After Norris Turner's stroke a decade ago, he would tuck his right arm into his pocket to get the nearly useless limb out of the way. Now the 68-year-old grandfather from Columbia can use the arm to play catch with his grandson and hit a golf ball nearly 100 feet.
Turner's progress has made him something of a poster child for a machine called the Tailwind. It's licensed and for sale by researchers from the University of Maryland who invented it and a local entrepreneur who believed it could help patients like Turner.
"We think there is tremendous potential for this device," said Sandy McCombe Waller, who worked on the Tailwind with her colleague Jill Whitall. Both are professors in the University of Maryland School of Medicine's Department of Physical Therapy and Rehabilitation Science. Turner was a test subject.
"Mr. Turner didn't start high functioning but has been able to return to recreational activities," she said. "He can grab things with his arm, drink from a cup. They sound like little things, but they are huge things."
Strokes affect about 750,000 people a year in the U.S. and are the third-largest killer behind heart disease and cancer, according to the American Stroke Association. They are the top cause of adult disabilities.
Clamped to a table at the university, the Tailwind looks low-tech - not much more than a set of metal arms with handles. A stroke patient sits in front of it, grasps the handles and repeatedly runs them back and forth to a metronome, a steady, audible beat that facilitates movement. Unlike a bicycle, the limbs move independently, so a weak arm cannot depend on a functioning arm.
According to two studies printed in Stroke and the Journal of the American Medical Association, patients who use the device begin to show progress after about six weeks.
The repetition retrains the part of the brain that controls motor skills but was damaged by a stroke. A stroke on the left side of the brain affects the right arm, and vice versa. Like muscle strengthening, weakened motor pathways eventually become stronger and patients make smoother movements.
The machine tilts up, the arms extend and the metronome pace increases to make it more challenging.

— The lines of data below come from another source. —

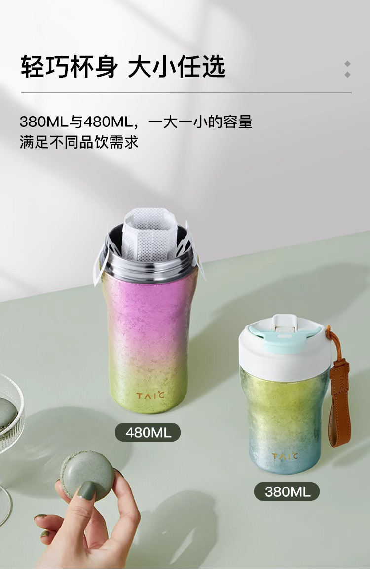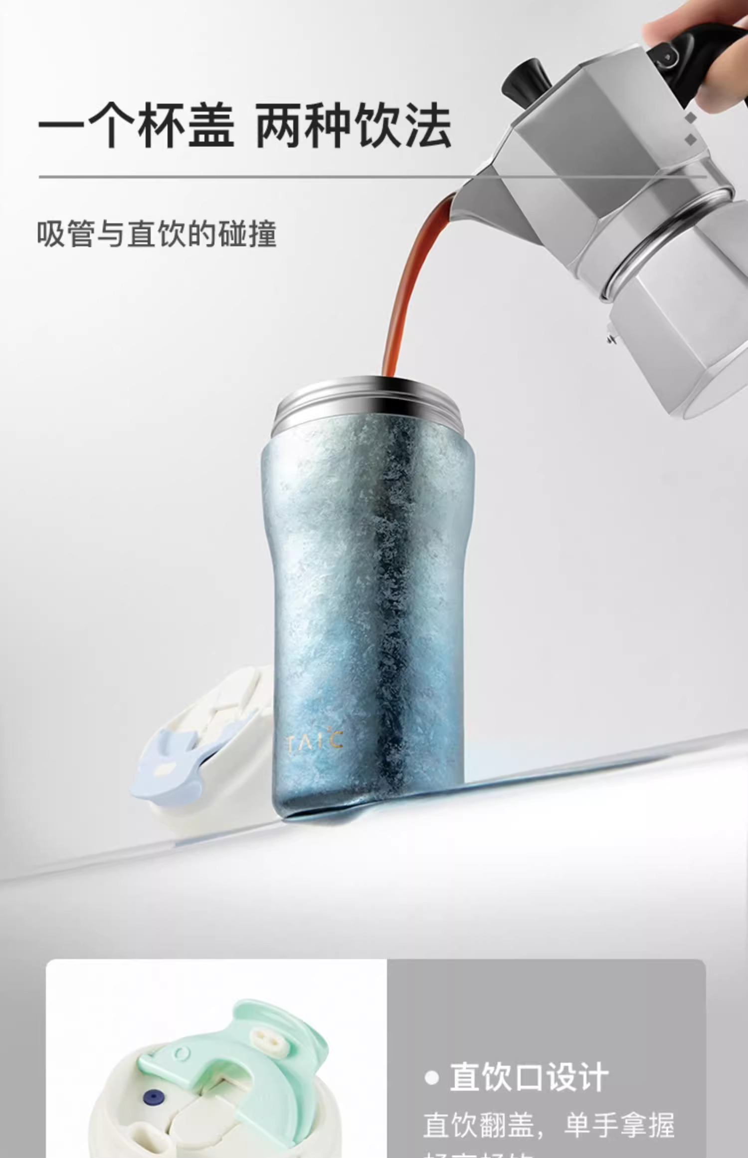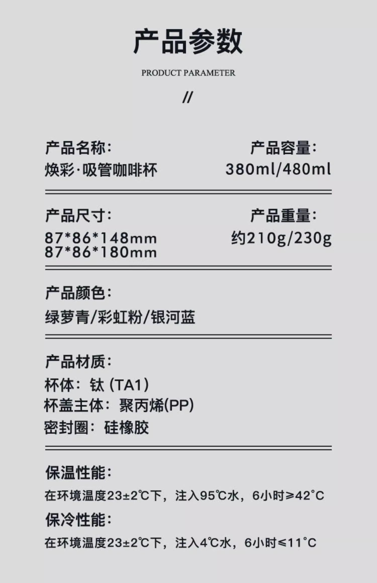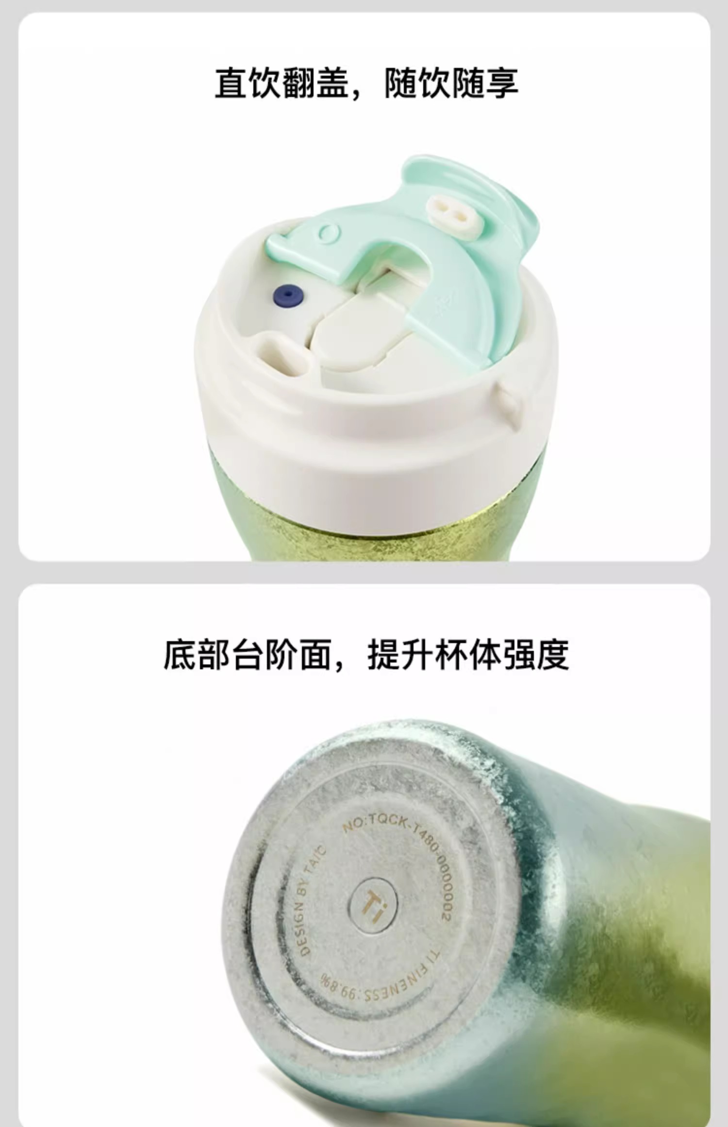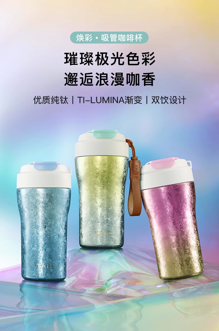 太可纯钛双层焕彩·吸管咖啡杯高颜值轻奢水杯380ml(绿萝青)-YHD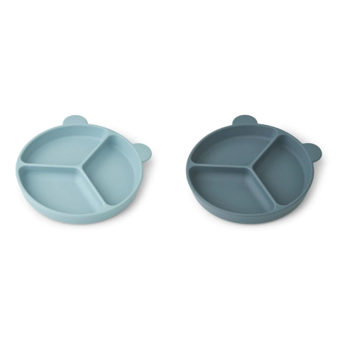 ASSIETTES A COMPARTIMENT POUR BÉBÉ - PACK DE 2 L’assiette ventouse à compartiment Stacy en forme d'animaux a une fine base en silicone qui adhère à différentes surfaces, ce qui rend presque impossible pour les enfants de soulever ou de basculer, mais de glisser facilement sur la table.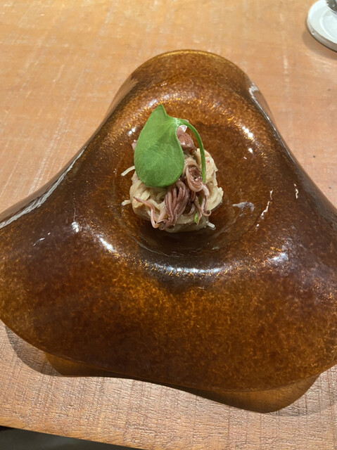 石垣貝と蒂紫茄子と蓴菜のコンソメジュレかけ…石垣貝!夏の貝ですね〜!ひと叩きするとムクっと起き上がった石垣貝と蒂紫茄子の揚げ浸し、蓴菜をジュレがまとめスルッと進みます!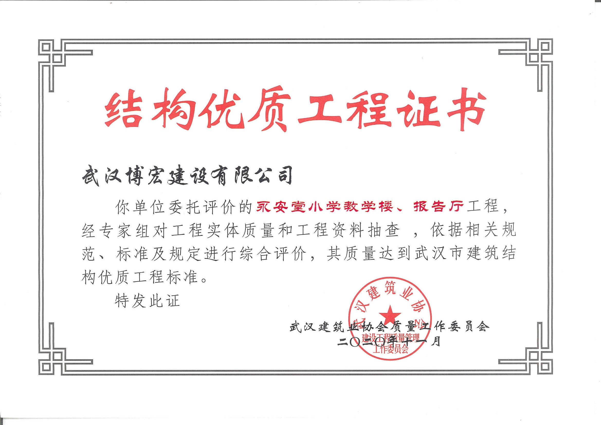 永安堂小學教學樓、報告廳武漢市建筑結構優質工程

At its toughest, it may not be a strenuous workout for a gym-goer, but eight-minute sets were exhausting for Turner.
But it has been worth it, he said one recent day as he demonstrated his routine at the university, moving his arms out and back in tandem, and then one after the other.

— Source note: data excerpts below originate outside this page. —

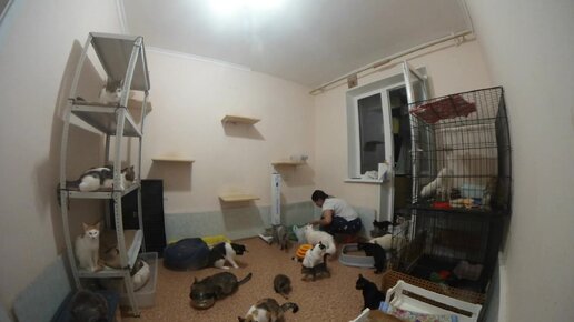Приют "ЛИС". Уборка помещения для здоровых животных.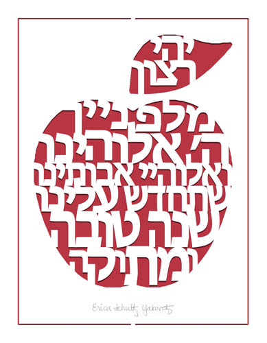 I had a request earlier in October from an Etsy customer in Brooklyn who wanted a custom print created of the phrase בשבילי נברא העולם (“The world was created for me“), with “for me” in orange “to match Moully’s ‘Orange Socks’.”
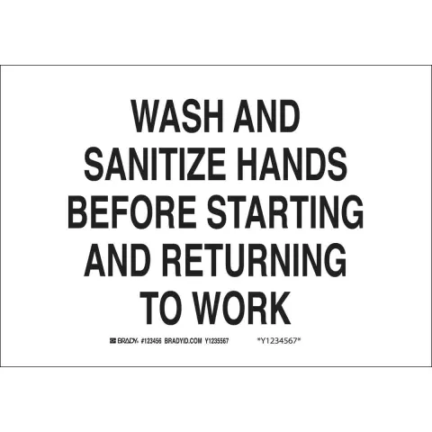 Brady 88682 "Wash and Sanitize Hands Before Starting and Returning to Work" Sign Polyester with Polyester Overlaminate Black on White 7 x 10 in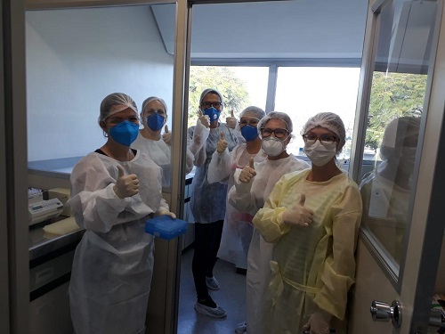 Dois bioquímicos, um auxiliar de laboratório e uma biomédica, esta do Hospital Fêmina, estão ajudando o Lacen desde o final de março, inclusive aos finais de semana, tendo realizado mais de 3500 testes.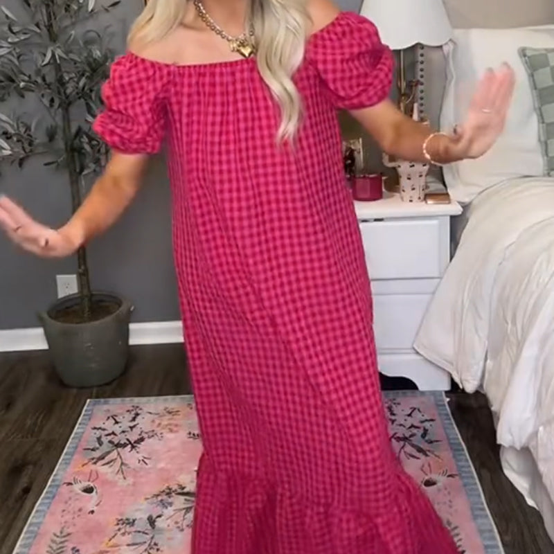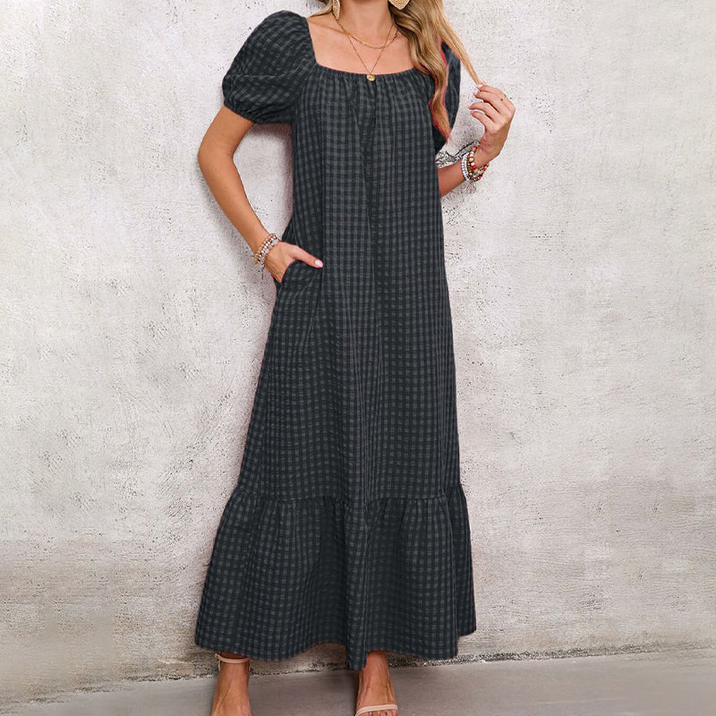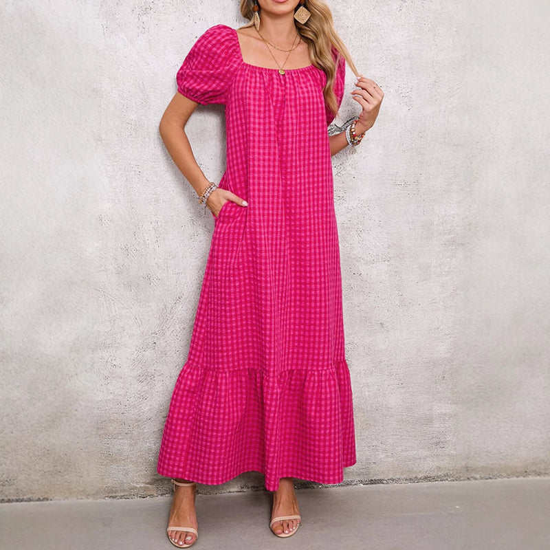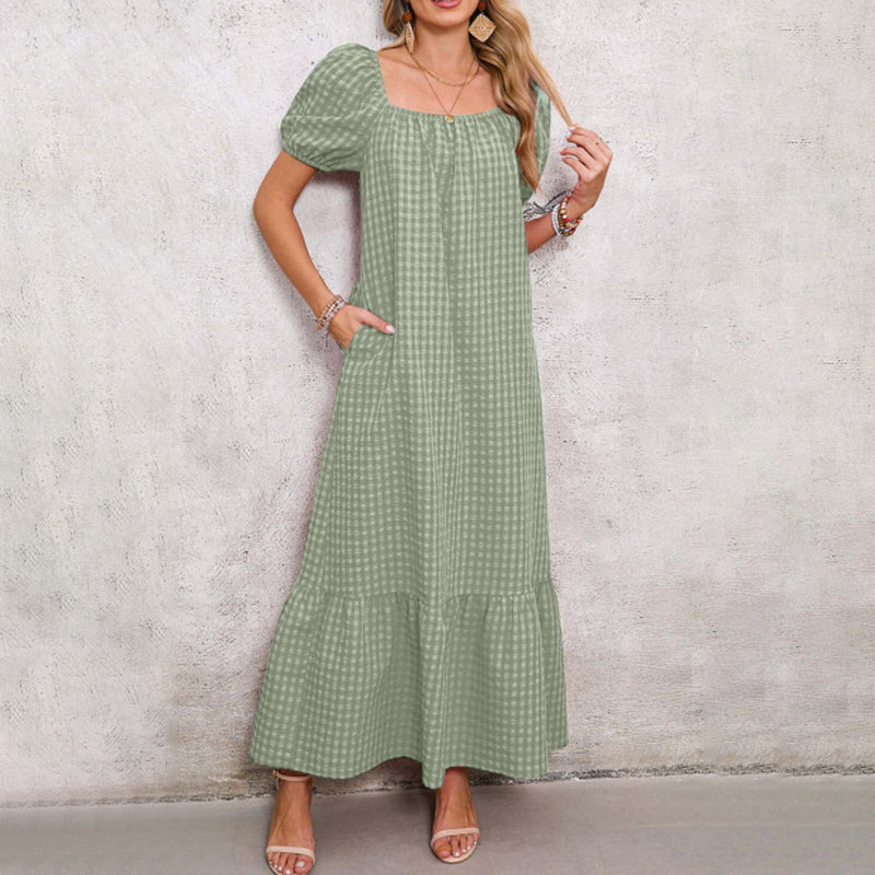 STYLOWE WZORNICTWO: Podnieś swoją garderobę dzięki eleganckiemu kwadratowemu dekoltowi i delikatnemu marszczonemu dołowi. Bufiaste rękawy dodają figlarnego charakteru, a lejąca długość maxi zapewnia wyrafinowanie.

"Results come in spurts," said Turner, who participated in a Tailwind study two years ago and has continued working with the machine at the university and at home (researchers gave him a device).

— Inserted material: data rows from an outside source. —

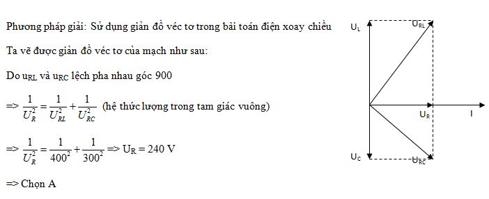 Mạch RLC mắc nối tiếp, cuộn dây cảm thuần , ULR = 400 V, URC = 300 V. Điện áp tức thời của hai đoạn mạch này lệch nhau 900. Giá trị UR là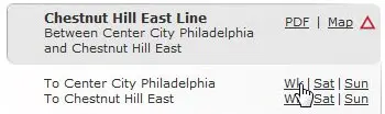 - GitProgramlarHattınız için sayfa, ardından durumunuz için geçerli olan bağlantıyı tıklayın. Örneğin, aşağıdaki resimde, bir hafta içi Chestnut Hill East Line'da Center City Philadelphia'ya seyahat etmek istiyorum. Bu, her istasyon için tüm durak sürelerini listeleyen yeni bir sayfa getirecektir. İstasyonunuzu bulun, sonra o istasyon adının sağındaki zamanlara bakın. Bunlar, trenlerin o istasyonda olacağı zamanları gösterir.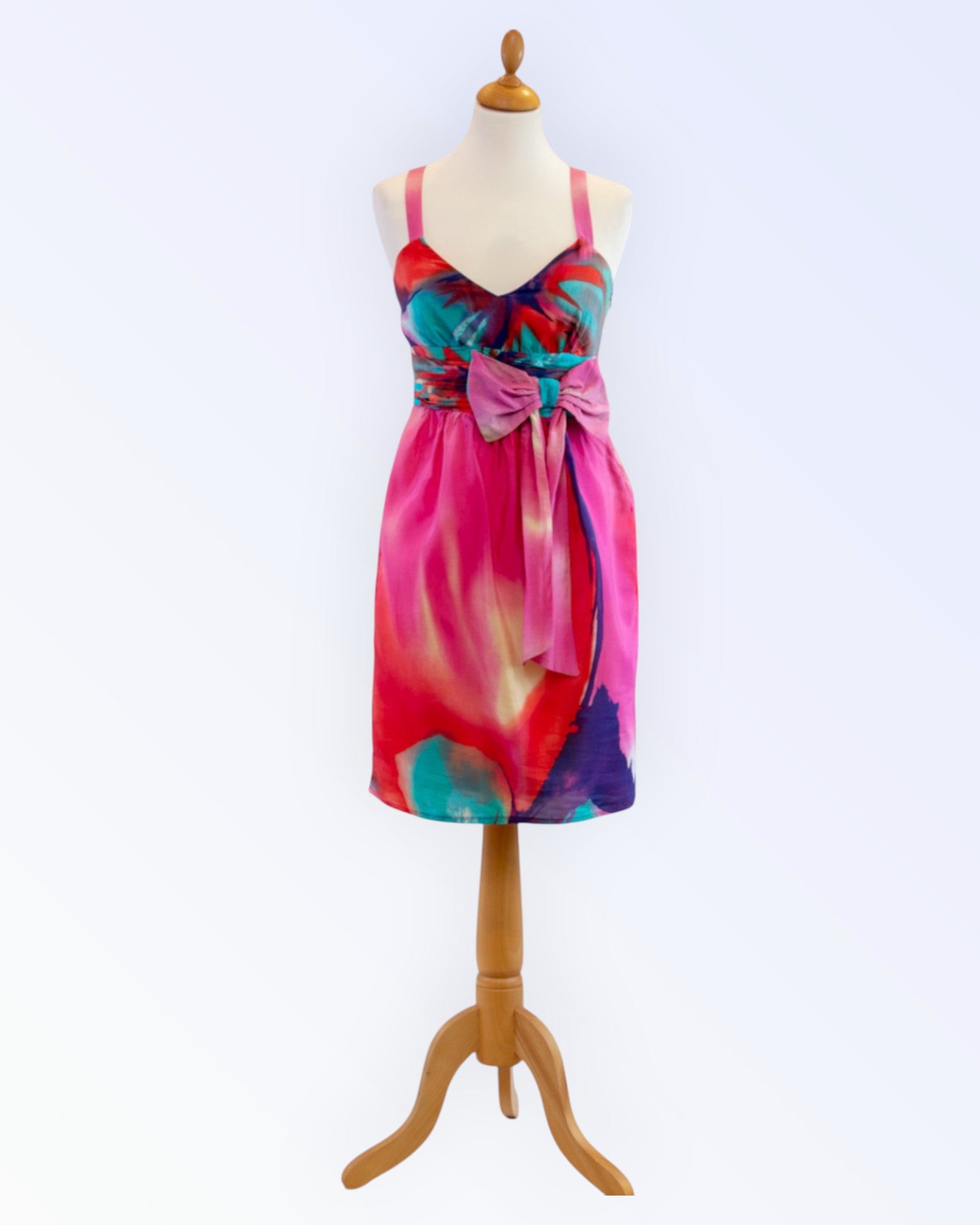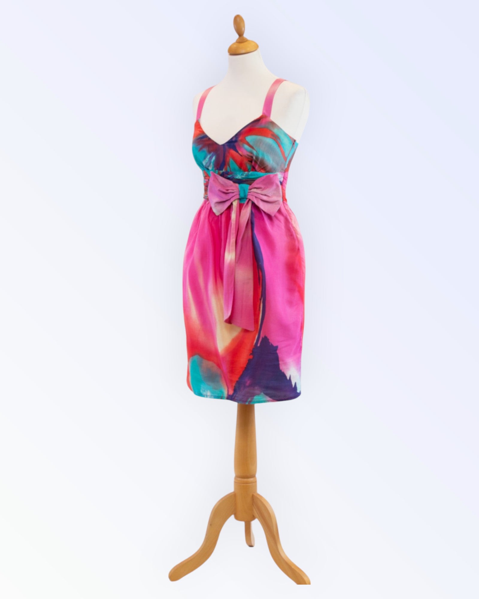 Erksavärviline suure lipsuga puuvillane suvekleit.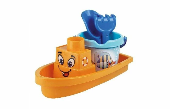 De Androni Crazy Fish speelgoed boot heeft een lengte van 33 cm. De boot is tevens voorzien van een Crazy Fish speelgoed emmer met hengsel (doorsnede van 13cm), een harkje en een schepje.

To market the product, the inventors were matched with an entrepreneur who participated in a four-year-old program at the University of Maryland, Baltimore County that has been funded in part by a grant from the National Science Foundation. Called ACTiVATE, it trains women in business and hooks them up with technology invented at Maryland universities. So far, 25 companies have been formed, according to David J. Fink, director of entrepreneurial services for the university's research and development park, bwtech@UMBC.
Since 2005, companies have launched or are forming to sell products including DNA-based therapies for ovarian cancer, pain therapies, test kits for monitoring melanoma and a device to remotely monitor infants' and the elderly's vital signs.
Kris Appel, a former linguist at the National Security Agency, bought the Tailwind license and plans to begin selling the machines in earnest in the next few weeks through her Baltimore-based company, Encore Path Inc.
"I was convinced it was a great product," Appel said. "I knew I could sell it because I understand it. It will help so many people."
Those involved in stroke therapy say there isn't much else available for such patients. There are even fewer options that are portable and can be taken home.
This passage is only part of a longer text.